In equity, as soon as the surety pays the debt, he is considered as subrogated to all the remedies of the creditor against the person and estate of the principal. In some cases, without payment, a surety, apprehending danger from the delay of the creditor, may compel him to sue the principal debtor on giving an indemnity against the consequences of risk and expense. A surety may file a bill in equity against the principal to compel him to pay the debt at maturity, and make the creditor a party in order that he be at hand to receive the money. In an early case it was said: “ Although the surety is not troubled or molested for the debt, yet at any time aftpr the money becomes payable, the court will decree the principal to discharge it, it being unreasonable that a man should always have such a cloud hanging over him Renelaugh v. Hays, 1 Vern. 188; 1 Story’s Eq., sect. 327; 1 L. C. Eq. 144; 3 Id. 557; Hays v. Ward, 4 Johns. Ch. 123; Beaver v. Beaver, 11 Harris 169.

When the executor made default in payment to the legatees, according to the decree of the Orphans’ Court, well settled principles authorized his sureties at once to commence proceedings to compel him to pay the debt, or themselves could pay it, as they did, and recover the money from him. The mortgage contains no express or implied contract depriving the mortgagees, as sureties, of any remedies against the mortgagor, as principal. Both on its face and in its circumstances it was a security to the sureties against “all loss, cost, damage and expense which they could or might be put to by reason of their being sureties on said bond.” Upon the executor’s default in complying with the said decree, they could have been put to damage and expense; they were legally bound to pay the debt, and had a right to discharge it and avail themselves of the security. The mortgagor has no color of defence. Was not that recorded mortgage notice to a subsequent purchaser or creditor ? He could see that the land was pledged to save harmless the sureties on an executor’s bond fully recited in the mortgage. He is presumed to have known the extent of their liability, and that, upon the executor’s default, it would become the sureties’ duty to pay the money according to the adjudication of the Orphans’ Court. The facts show no superior equity in favor of a subsequent creditor.

This case differs widely from Crippen v. Thompson and Bishop, 6 Barb. 532, cited by the court below. There the action was on a bond, given to Crippen by Thompson as principal and Bishop as surety, conditioned that Thompson should “ save harmless the said” Crippen “from a bond executed by him to Nathan R. Crippen, deceased, dated on or about the 3d day of March 1840, the said Crippen giving the said Thompson notice of any proceedings át law oi' otherwise thereon.” That bond was to pay the debts of Crippen, Sr., the plaintiff’s father. After it was given and before the defendants gave their bond, the plaintiff agreed with Dayton to pay him a debt owing by the father, making himself directly liable for it and thereby precluding all examination and defence as to that debt.

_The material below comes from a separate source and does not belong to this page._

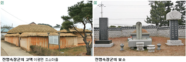 우리는 전명숙 장군의 고택과 묘소가 있는 이평면 조소마을을 찾아갔다. 말목장터에서 차로 10여분 달렸을까. 남도의 여러 마을처럼 평화로운 조소마을이 나타났다. 전봉준과 그의 가족은 고부농민봉기 몇 해 전에 이곳으로 이사하였다 한다. 이곳에서 전봉준은 농사일과 서당을 운영하며 가난한 선비의 삶을 살았다. 단출한 초가 두동을 돌아보며 몇 장의 사진을 남겼다. 옆집 촌로에게 물어보니 전 장군의 묘소가 근처에 있다고 친절히 알려 주었다. 답례로 책자를 선물로 주고 역사적인 현장에 온 기념으로 삼았다.

The court, in the opinion, said: “ The question in this case, as we shall see, is -whether the plaintiff can pay the debt of his father, voluntarily and without notice, and then recover upon the bond, against him and his surety?” It was held he could not. Here the mortgagor was the principal debtor, had his day in court, with opportunity to test the legality of the claim ; and after final decree and his default, his sureties, the mortgagees, actually paid the debt, before commencing proceedings on the mortgage. The doctrine in Crippen v. Thompson, if sound, does not apply.

The plaintiffs had rights as sureties which were not waived by taking an indemnity against “loss, cost, damage and expense,” and having suffered loss, by reason of their suretyship, are entitled to advantage of their security.

Judgment reversed and a new trial ordered.